We decided to head back to the Micklegate area via the Museum Gardens and then along the citywalls. We came across the Multangular Tower believed to have been built during the reign of the Emperor Septimius Severus, who was in York between 209 and 211 and almost immediately after the exquisitely small York Observatory dating back to 1831.
The city of York had established an important role in the astronomical world then when two leading astronomers were based in the city, one of them being Edward Pigott, the first Englishman to have a comet named after him. This Observatory had a rotating roof and its 1850 telescope was built by Thomas Cooke, who later made the largest telescope in the world.

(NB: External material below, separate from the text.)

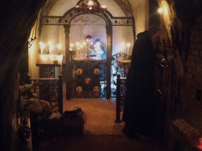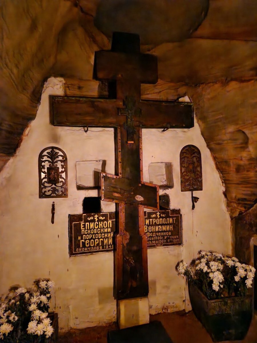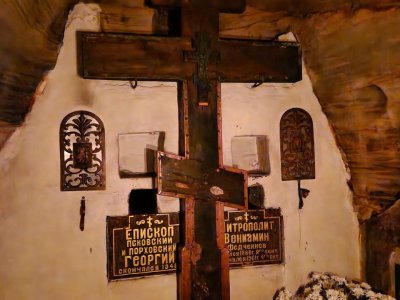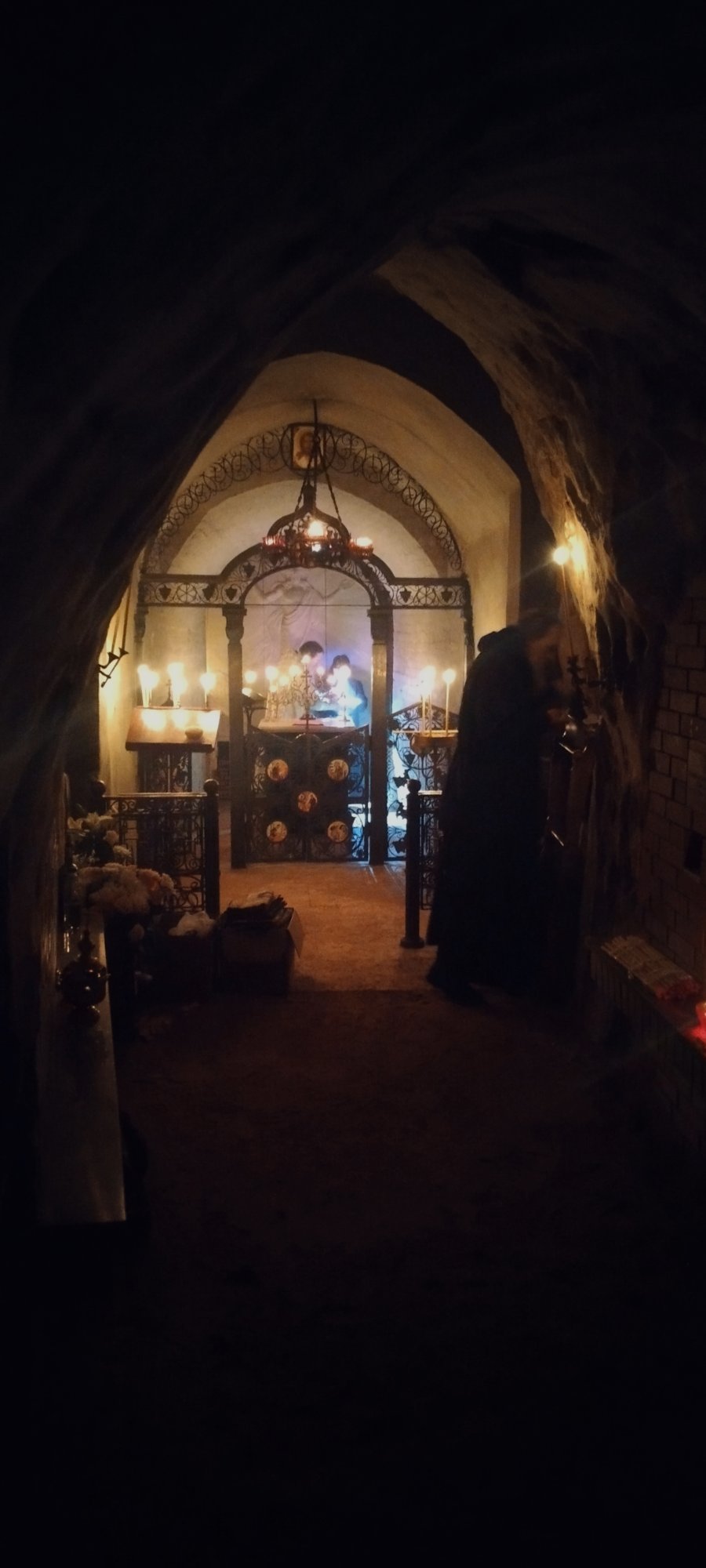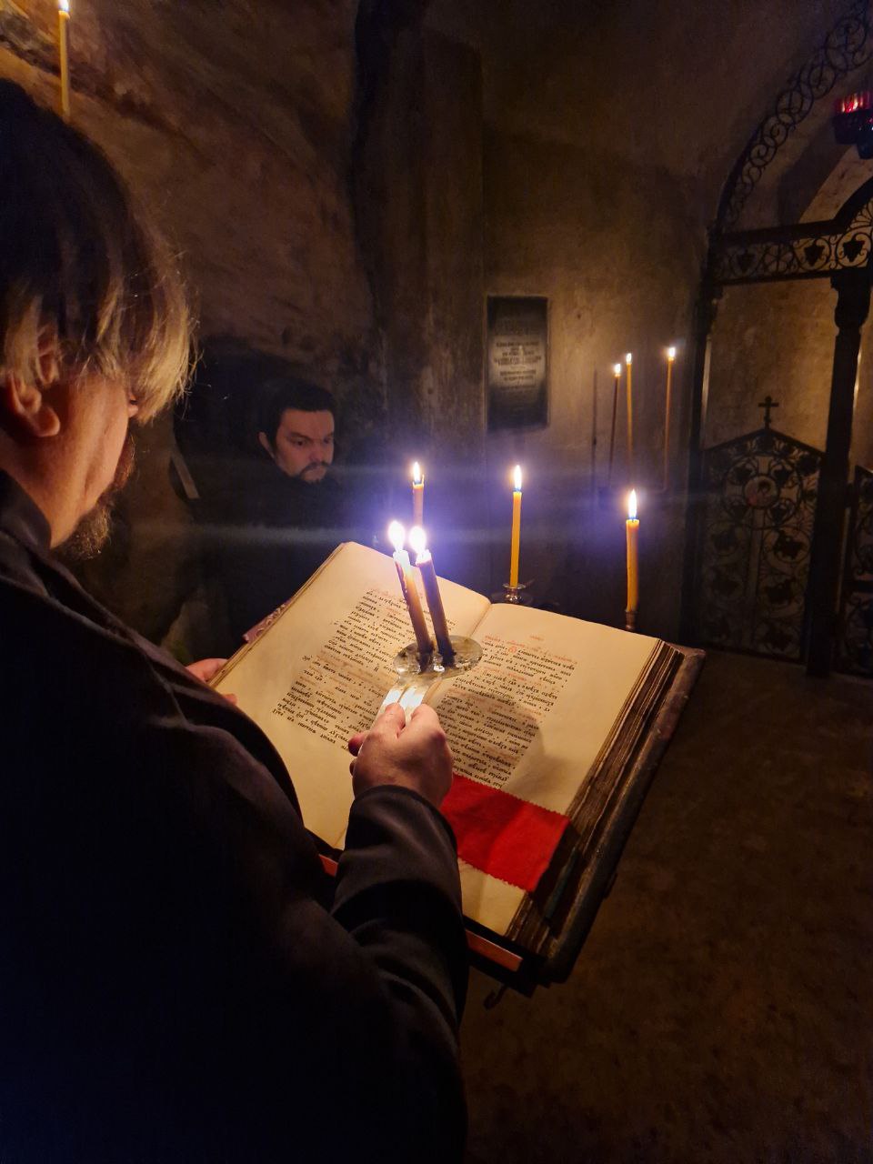 После совершения службы группу паломников провели по другим частям пещеры, продемонстрировали местные святыни и места погребения знаменитых насельников святой обители.

We proceeded towards the Yorkshire Museum, which we decided not to visit having chosen the Art Galery instead.
Fairly close by we came across the remains of St. Mary's Abbey, whose foundation dates to 1080 and is believed to have been the largest and wealthiest of all the Benedictine institutions in Northern England.
We soon reached the river bank of the Ouse, which we walked along for a while before steping onto the "circuit" of the city walls next to the Lendal bridge heading towards the Micklegate.
The walk along these city walls was particularly interesting because it sort of changed the perspective of the city providing us with an aaerial view. I was in a bad state (my feet had blisters alll over them) by the time we reached the train station and the Micklegate areas, but I was determined not to let those affect my trip and certainly not my reunion with my daughter.